──────── Source material ────────
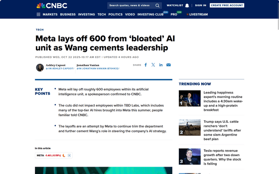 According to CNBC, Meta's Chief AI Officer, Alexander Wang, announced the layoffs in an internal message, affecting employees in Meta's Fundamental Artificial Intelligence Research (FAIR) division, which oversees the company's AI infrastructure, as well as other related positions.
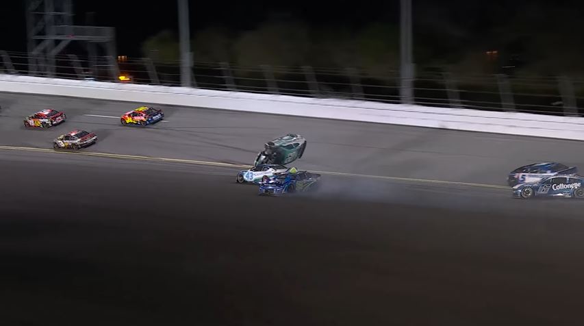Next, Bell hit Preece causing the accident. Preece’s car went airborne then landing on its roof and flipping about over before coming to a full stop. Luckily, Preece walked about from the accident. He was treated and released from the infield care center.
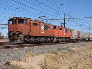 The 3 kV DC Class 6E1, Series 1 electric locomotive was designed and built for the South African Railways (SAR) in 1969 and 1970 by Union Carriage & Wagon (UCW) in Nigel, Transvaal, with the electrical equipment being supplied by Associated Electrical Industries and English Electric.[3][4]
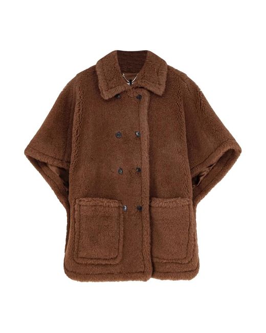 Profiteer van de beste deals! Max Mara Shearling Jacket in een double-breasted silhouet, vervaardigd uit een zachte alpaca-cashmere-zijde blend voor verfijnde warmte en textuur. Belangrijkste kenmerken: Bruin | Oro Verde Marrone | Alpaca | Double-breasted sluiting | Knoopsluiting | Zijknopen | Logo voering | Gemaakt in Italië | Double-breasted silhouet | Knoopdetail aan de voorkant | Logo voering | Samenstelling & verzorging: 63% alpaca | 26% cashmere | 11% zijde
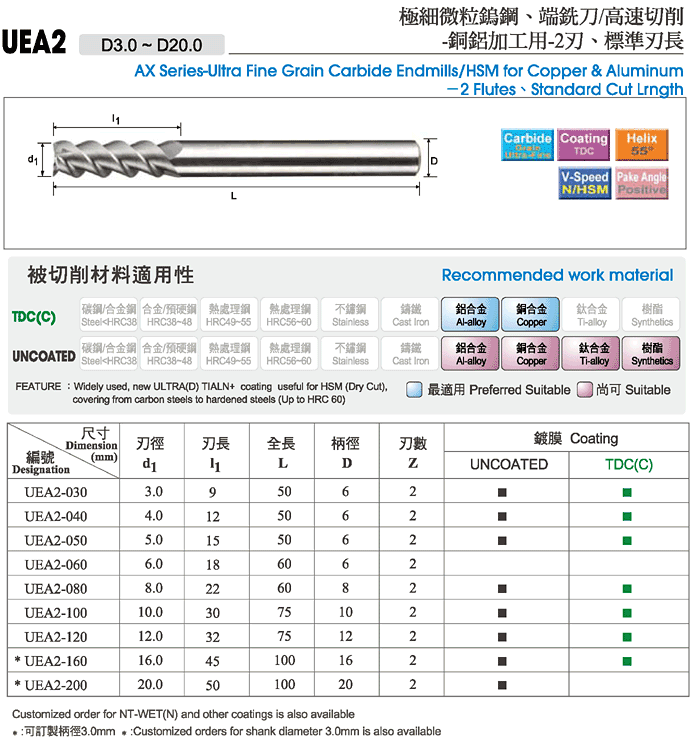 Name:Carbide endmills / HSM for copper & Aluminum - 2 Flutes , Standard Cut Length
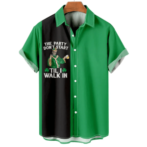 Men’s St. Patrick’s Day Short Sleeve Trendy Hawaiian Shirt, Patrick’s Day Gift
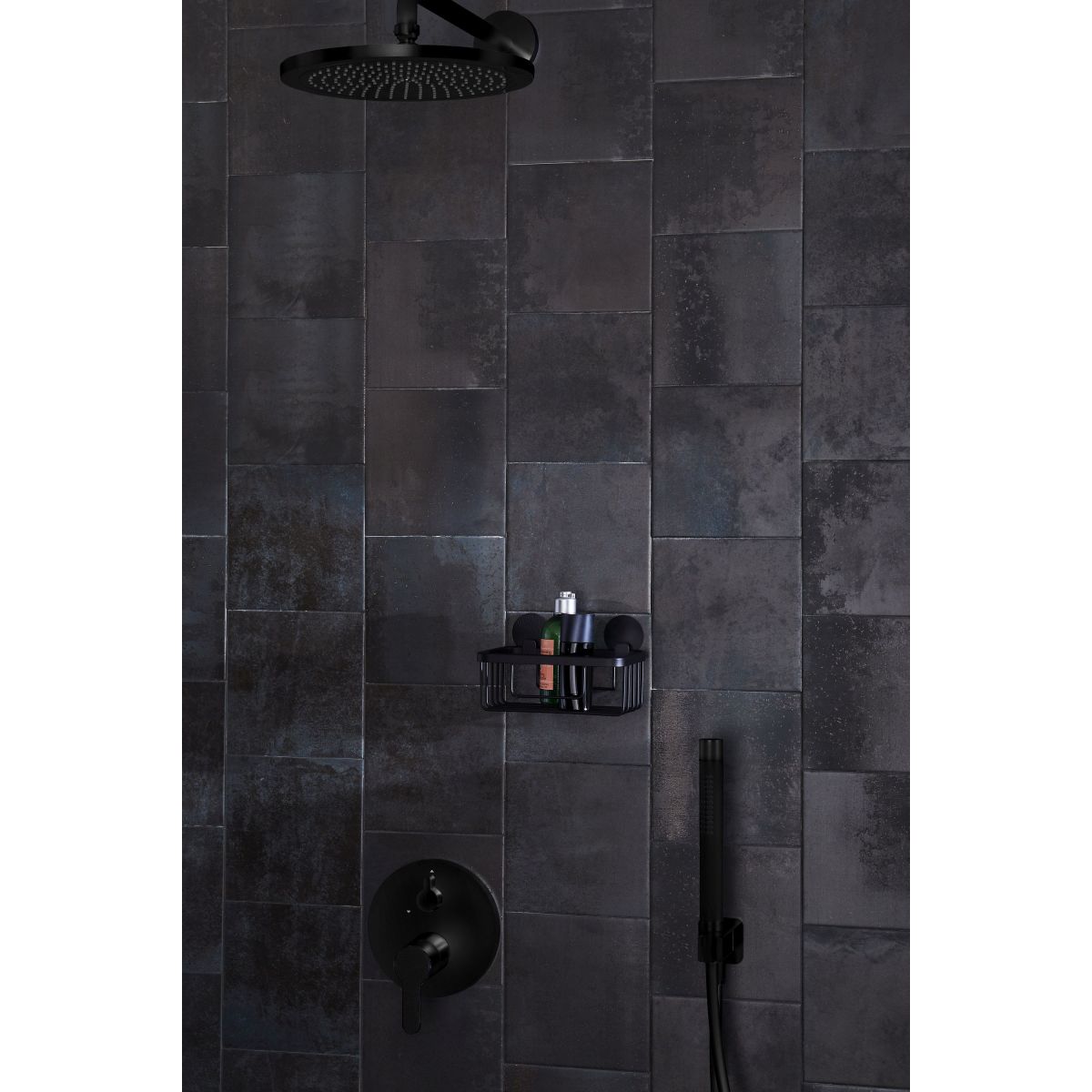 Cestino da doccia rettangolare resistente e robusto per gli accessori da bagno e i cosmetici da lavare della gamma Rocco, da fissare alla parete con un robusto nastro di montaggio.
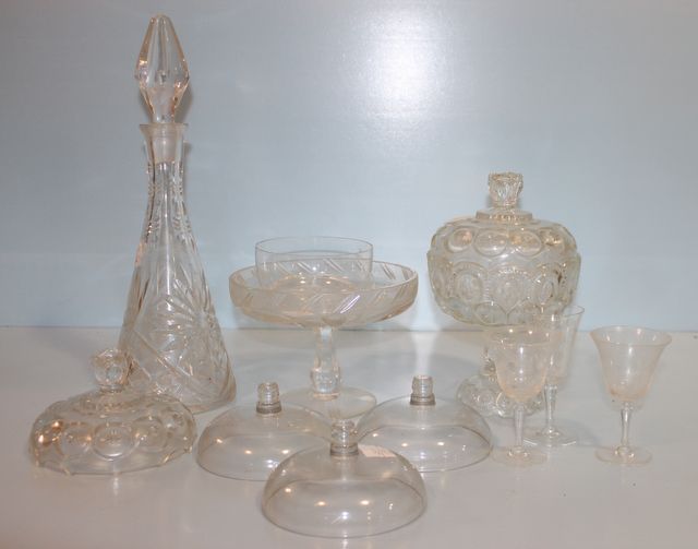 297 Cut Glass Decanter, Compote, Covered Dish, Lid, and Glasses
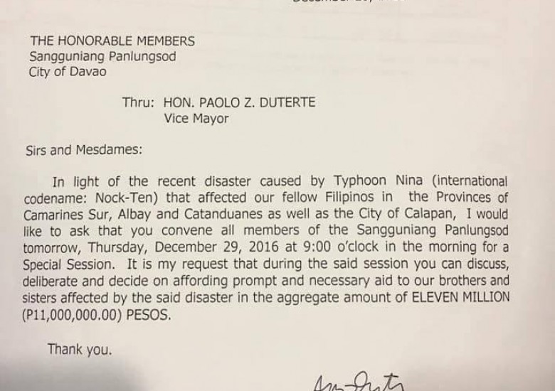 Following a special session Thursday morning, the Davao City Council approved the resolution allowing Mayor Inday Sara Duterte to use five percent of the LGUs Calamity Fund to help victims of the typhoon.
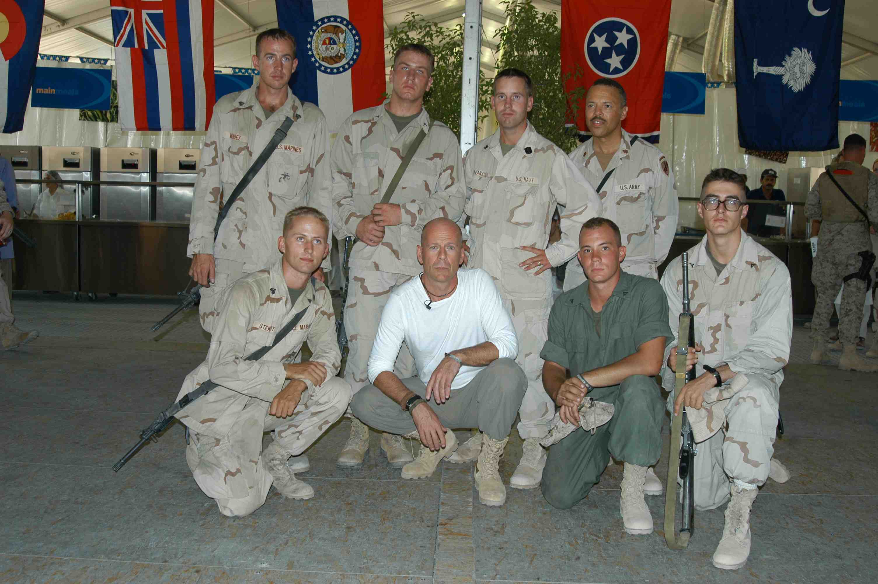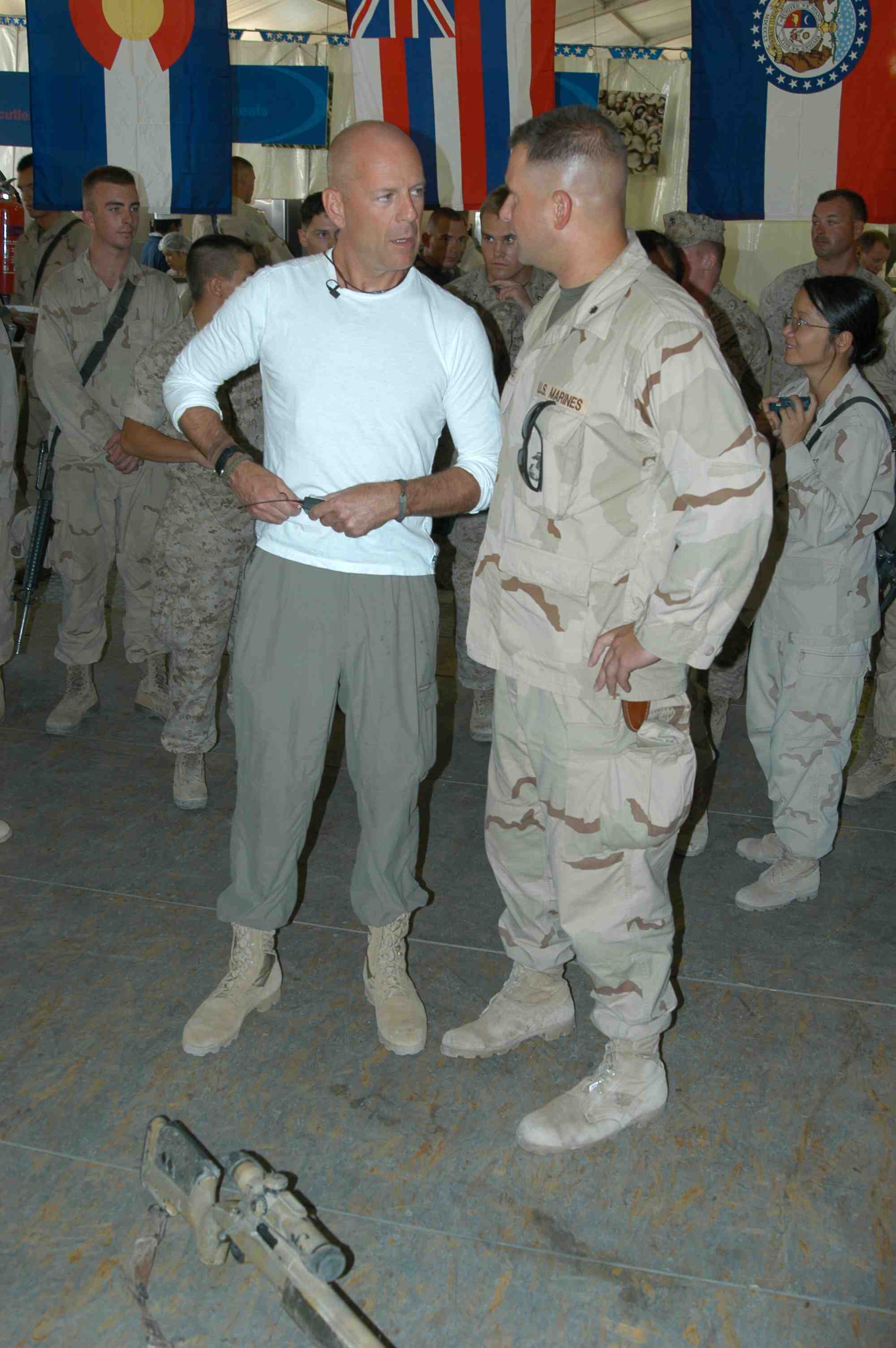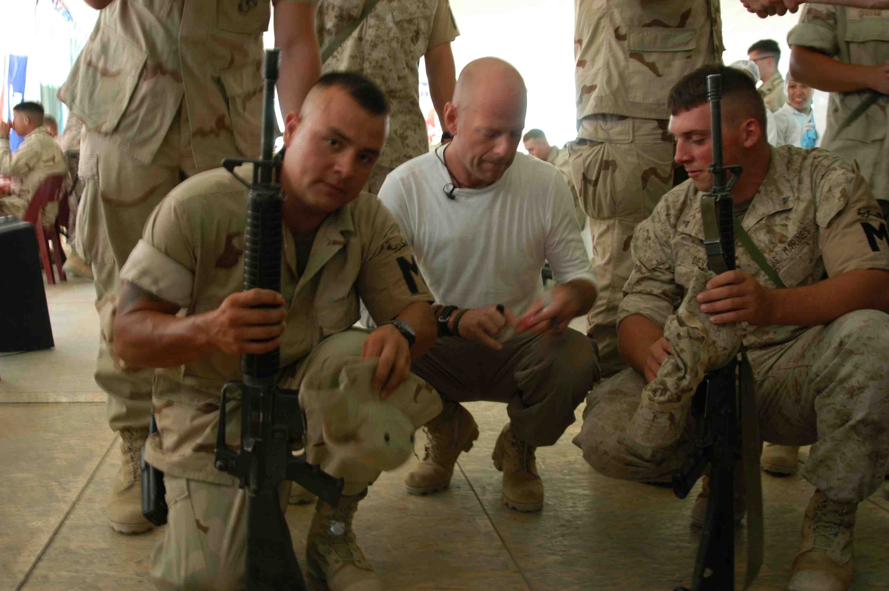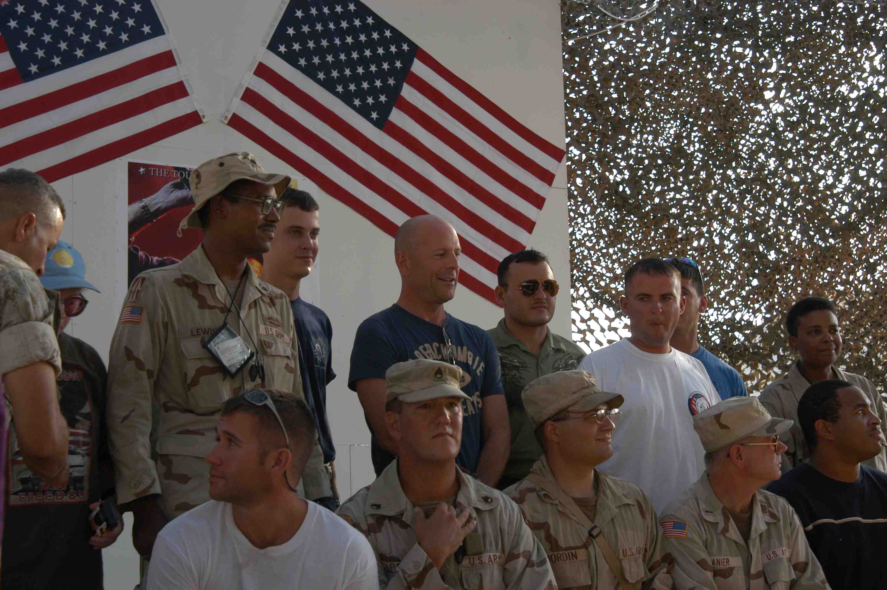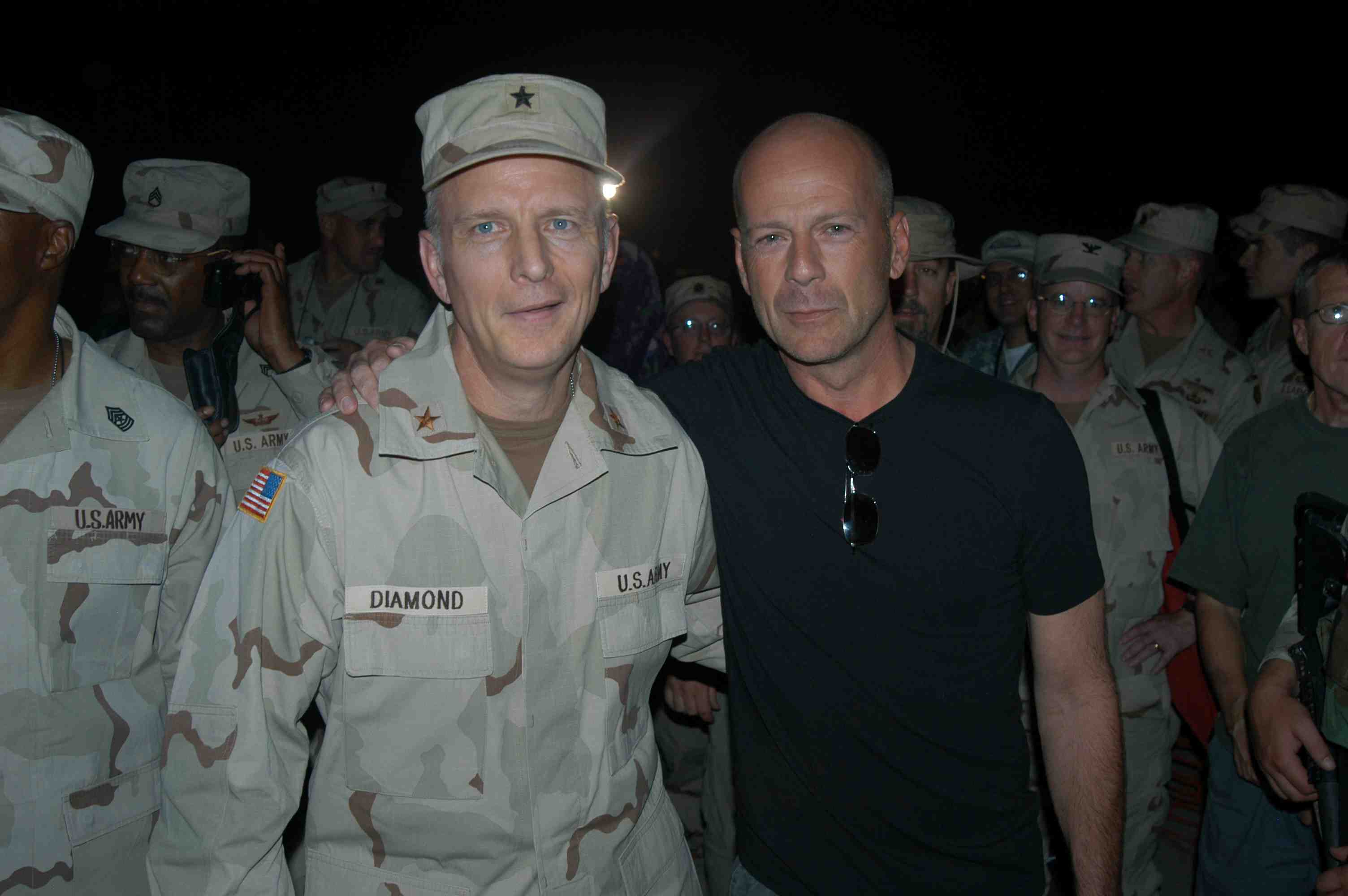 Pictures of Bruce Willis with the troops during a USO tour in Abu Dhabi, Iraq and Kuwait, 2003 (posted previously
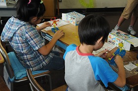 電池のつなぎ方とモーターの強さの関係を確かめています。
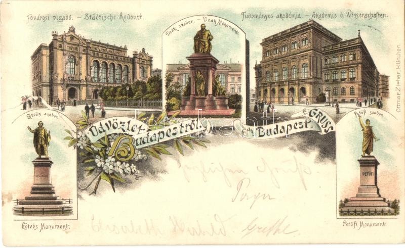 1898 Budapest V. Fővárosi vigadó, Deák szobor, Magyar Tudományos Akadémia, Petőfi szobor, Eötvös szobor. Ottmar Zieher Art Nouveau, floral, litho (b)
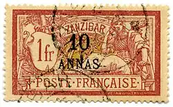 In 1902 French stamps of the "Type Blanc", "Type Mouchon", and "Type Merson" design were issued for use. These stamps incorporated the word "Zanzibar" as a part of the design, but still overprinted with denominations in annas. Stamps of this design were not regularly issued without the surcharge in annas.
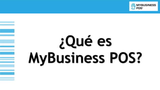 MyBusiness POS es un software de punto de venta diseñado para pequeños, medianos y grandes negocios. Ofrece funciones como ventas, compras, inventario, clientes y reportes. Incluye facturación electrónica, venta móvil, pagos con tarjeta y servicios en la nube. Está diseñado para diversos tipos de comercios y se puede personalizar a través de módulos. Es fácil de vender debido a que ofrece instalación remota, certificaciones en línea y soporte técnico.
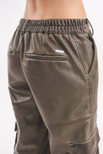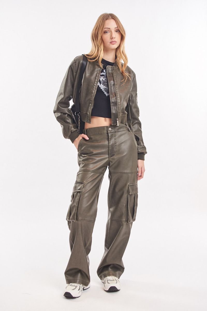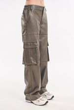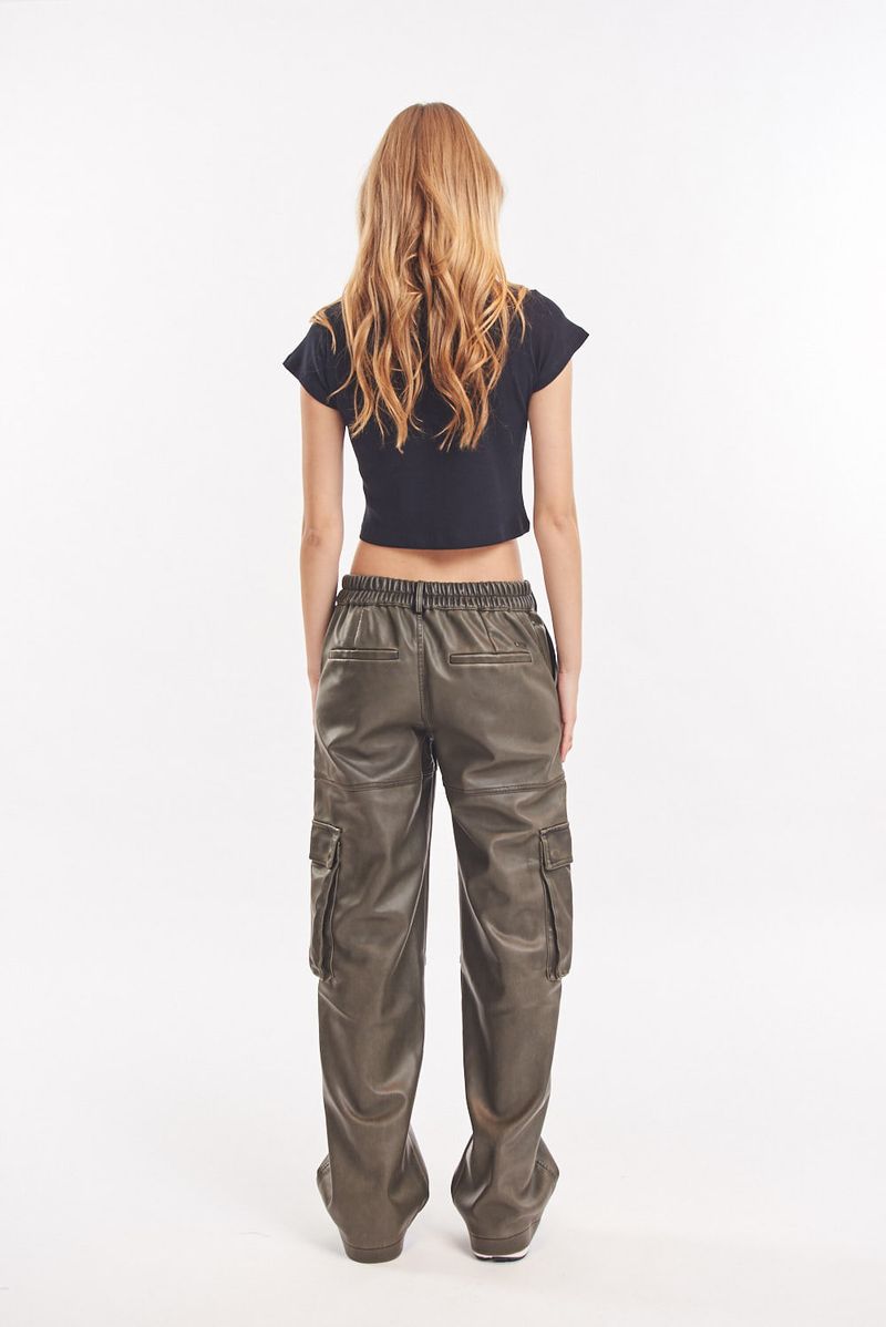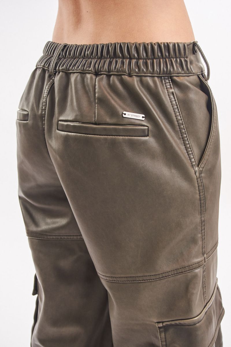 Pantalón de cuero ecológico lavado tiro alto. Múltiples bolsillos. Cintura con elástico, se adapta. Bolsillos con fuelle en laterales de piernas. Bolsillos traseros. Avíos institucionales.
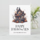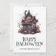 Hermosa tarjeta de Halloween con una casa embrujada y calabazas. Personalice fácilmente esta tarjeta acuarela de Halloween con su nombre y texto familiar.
────────
## Exercise objective:
Produce a word-for-word copy of the records, omitting all images.

## Answer to this task:
 According to CNBC, Meta's Chief AI Officer, Alexander Wang, announced the layoffs in an internal message, affecting employees in Meta's Fundamental Artificial Intelligence Research (FAIR) division, which oversees the company's AI infrastructure, as well as other related positions.
Next, Bell hit Preece causing the accident. Preece’s car went airborne then landing on its roof and flipping about over before coming to a full stop. Luckily, Preece walked about from the accident. He was treated and released from the infield care center.
 The 3 kV DC Class 6E1, Series 1 electric locomotive was designed and built for the South African Railways (SAR) in 1969 and 1970 by Union Carriage & Wagon (UCW) in Nigel, Transvaal, with the electrical equipment being supplied by Associated Electrical Industries and English Electric.[3][4]
 Profiteer van de beste deals! Max Mara Shearling Jacket in een double-breasted silhouet, vervaardigd uit een zachte alpaca-cashmere-zijde blend voor verfijnde warmte en textuur. Belangrijkste kenmerken: Bruin | Oro Verde Marrone | Alpaca | Double-breasted sluiting | Knoopsluiting | Zijknopen | Logo voering | Gemaakt in Italië | Double-breasted silhouet | Knoopdetail aan de voorkant | Logo voering | Samenstelling & verzorging: 63% alpaca | 26% cashmere | 11% zijde
 Name:Carbide endmills / HSM for copper & Aluminum - 2 Flutes , Standard Cut Length
 Men’s St. Patrick’s Day Short Sleeve Trendy Hawaiian Shirt, Patrick’s Day Gift
 Cestino da doccia rettangolare resistente e robusto per gli accessori da bagno e i cosmetici da lavare della gamma Rocco, da fissare alla parete con un robusto nastro di montaggio.
 297 Cut Glass Decanter, Compote, Covered Dish, Lid, and Glasses
 Following a special session Thursday morning, the Davao City Council approved the resolution allowing Mayor Inday Sara Duterte to use five percent of the LGUs Calamity Fund to help victims of the typhoon.
 Pictures of Bruce Willis with the troops during a USO tour in Abu Dhabi, Iraq and Kuwait, 2003 (posted previously
 電池のつなぎ方とモーターの強さの関係を確かめています。
 1898 Budapest V. Fővárosi vigadó, Deák szobor, Magyar Tudományos Akadémia, Petőfi szobor, Eötvös szobor. Ottmar Zieher Art Nouveau, floral, litho (b)
 In 1902 French stamps of the "Type Blanc", "Type Mouchon", and "Type Merson" design were issued for use. These stamps incorporated the word "Zanzibar" as a part of the design, but still overprinted with denominations in annas. Stamps of this design were not regularly issued without the surcharge in annas.
 MyBusiness POS es un software de punto de venta diseñado para pequeños, medianos y grandes negocios. Ofrece funciones como ventas, compras, inventario, clientes y reportes. Incluye facturación electrónica, venta móvil, pagos con tarjeta y servicios en la nube. Está diseñado para diversos tipos de comercios y se puede personalizar a través de módulos. Es fácil de vender debido a que ofrece instalación remota, certificaciones en línea y soporte técnico.
 Pantalón de cuero ecológico lavado tiro alto. Múltiples bolsillos. Cintura con elástico, se adapta. Bolsillos con fuelle en laterales de piernas. Bolsillos traseros. Avíos institucionales.
 Hermosa tarjeta de Halloween con una casa embrujada y calabazas. Personalice fácilmente esta tarjeta acuarela de Halloween con su nombre y texto familiar.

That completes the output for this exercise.